What a nice blogpost! I really enjoyed how Bruno leads us through the whole process including his thoughts and strategies to find the code that needs to be modified and how to do it. Luckily the problem - how to get the bytes of a sqlite record - is small enough in scope to solve in a readable blogpost. That’s a „genre“ i really enjoy.
Interesting that he could also do purely by reading the code, or at least presents it that way. I might have started by hooking a debugger to the application and seeing where an insert takes me. Guess many roads lead to rome.

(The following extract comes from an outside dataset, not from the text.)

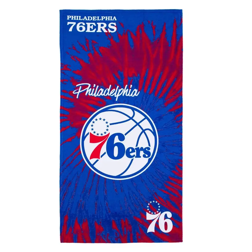 Soak up the sun while lounging on this Officially Licensed NBA "Psychedelic" Beach Towel by TheNorthwest. Show off your favorite team at the pool or beach with this fun towel. Featuring an NBA team name and logo in the center of a tie-dye background, this absorbent 30"x 60" towel is the perfect accessory for drying off after a swim. This cotton-poly blend towel is rad!
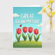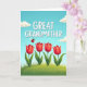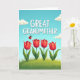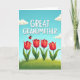 This greeting card features a calm sky-blue background with soft cloud shapes drifting near the top, setting a gentle, affectionate mood ❤️. Across the upper area, the words “GREAT GRANDMOTHER” appear in large, rounded white letters that stand out clearly against the blue. Beneath the text, a green field stretches across the lower portion, drawn with layered blades and subtle shading for a natural look. Four red tulips rise in a neat, balanced group from the grass, their petals shaded to feel velvety and cared for, like a quiet gesture of friendship in flower form 🌼. The stems are tall and green, guiding your eye upward toward the message. Between the lettering and the flowers, a small red spotted beetle floats lightly as if lingering near something dear. The tulips sit centered along the bottom edge, with the beetle hovering just above them against the open blue space.

Not mentioned is that the full test sqlite test suite is proprietary and you need a super expensive sqlite foundation membership to get access to it. That means (unless you get that membership), your patched/forked version will be less extensively tested than the official version. So sqlite is in reality very difficult to fork. Sqlite is very solid, but bugs do sometimes show up in it despite all that testing, and more relevantly, some bugs in development are presumably caught by the testing, which outsiders don't have access to.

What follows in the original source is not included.